Starburst platform helps organizations manage ‘tokenmaxxing’


Enterprise AI is defined by a new, expensive reality: the token economy. Tokens are an economic unit used to measure the inputs and outputs of large-scale linguistic models (LLMs). Since input data is tokenized and LLM responds with output tokens, companies monetize and price their applications based on this usage.
The plan has led to massive spending, with the Magnificent Seven companies alone spending three billion dollars to build infrastructure capable of supporting the massive gigawatt capacity required for multiple tokens.
The costs are compounded by the new LLMs, which are starting to cost more—some five to six times more expensive than their predecessors—because they are designed to spend more time thinking and consulting. This has become known as tokenmaxxing – akin to a sale you can get from a car dealer, which – after agreeing on a price, you are put in front of a dealer who wants you to add undercoating or rim protection to the final cost. More profit for them.
Jitender Aswani, senior VP of product at data platform provider Starburst, told SD Times that he calls LLMs doing this “overzealous.”
“They’ll answer your question, but they might give you a very verbose answer, which basically means they’re tokenmaxxing. Another way they increase their token output is they ask you, ‘I’ve answered your question, but are you interested in A, B and C?’
An outcome-based strategy
To deal with this problem of spending and diminishing returns, Starburst, an intelligence platform, offers a different approach. Internally, the company fights wasteful token usage by rejecting the idea of unlimited and unaccountable AI usage. Instead of setting quotas or competitive leaderboards based on token volume, Starburst’s strategy is based solely on results. They monitor the impact of AI discovery, not the number of notifications.
For example, a developer who spends a billion tokens to achieve “an amazing result,” Aswani said, “is more valuable than someone who spends a billion tokens with little influence.” The developer metrics that matter are developer speed and cycle time – how quickly an idea can move to stable, reliable production – not immediate volume or token usage. This ensures that major investments in AI tools are focused on moving the business needle, not just on increasing usage.
Access to different data without moving it
The core strength of the platform is its ability to access and integrate all of what Aswani calls the “ground truth” of a structured customer, which is often fragmented among 200 or more systems, without requiring data to be transferred.
“AI is only as good as the knowledge it can access,” explained Aswani. It will bring answers, which if it happens in business, you can end up making wrong business decisions or unsuccessful business decisions.”
As data has exploded and different types of data have emerged, this has led to fragmentation, with different types of data stored in different silos. Some large enterprises may have data spread across hundreds of systems, providing enormous potential for applications. “They have call center data, they have customer support data, they have customer experience data, they have product analytics data. A company like Bank of America or Citibank, you can imagine how many applications they have. Each program has data, and then ultimately that data needs to be analyzed to understand, what our customers are doing, what kind of questions they’re asking, what kind of conflict our customers are facing, the biggest business challenge they’re facing, the biggest challenge our customers are facing. they are different, but they need a program, an app or a platform like Starburst that can aggregate all that data without moving the data
Meanwhile, recognizing that a single model does not provide all business needs, Starburst offers solutions that help contain the use of tokens by expanding the use of the LLM ecosystem.

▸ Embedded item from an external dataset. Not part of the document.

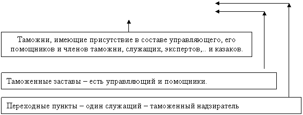 Таким образом, к началу ХХ века таможенные учреждения представляли следующую систему. Низшим звеном были переходные пункты, единственным служащим которых был таможенный надзиратель. Крупнее были таможенные заставы в составе управляющего и помощников. Более крупными учреждениями были таможни, имевшие присутствие в составе управляющего, его помощников и членов таможни, служащих — надзирателей, смотрителей, казначеев, секретарей, экспертов и др., а также нижних чинов — казаков. Таможни входили в таможенные округа, а некоторые, наиболее крупные таможни подчинялись непосредственно Департаменту таможенных сборов Российского Министерства финансов, например, Архангельская таможня, Московская таможня. Помимо пограничных таможенных учреждений, расположенных на сухопутных, морских, железнодорожных путях, открытых для движения товаров через таможенную границу, существовали внутренние таможни — для досмотра товаров, следующих внутрь страны и осмотренных на границе только внешне (таковыми являлись Московская, Санкт-Петербургская, Челябинская, Красноярская, Иркутская, Сретенская и другие таможни).

Starburst’s orchestration layer allows customers to “deliver your own LLM”. This gives businesses a choice, allowing the system to decide which model is best suited for the job. In simple conversations, the orchestration layer may choose the least expensive model, while a different model may be chosen for summarization or multimodal input. By matching the right tool – and its associated costs – with the job, Starburst helps companies control the use of tokens.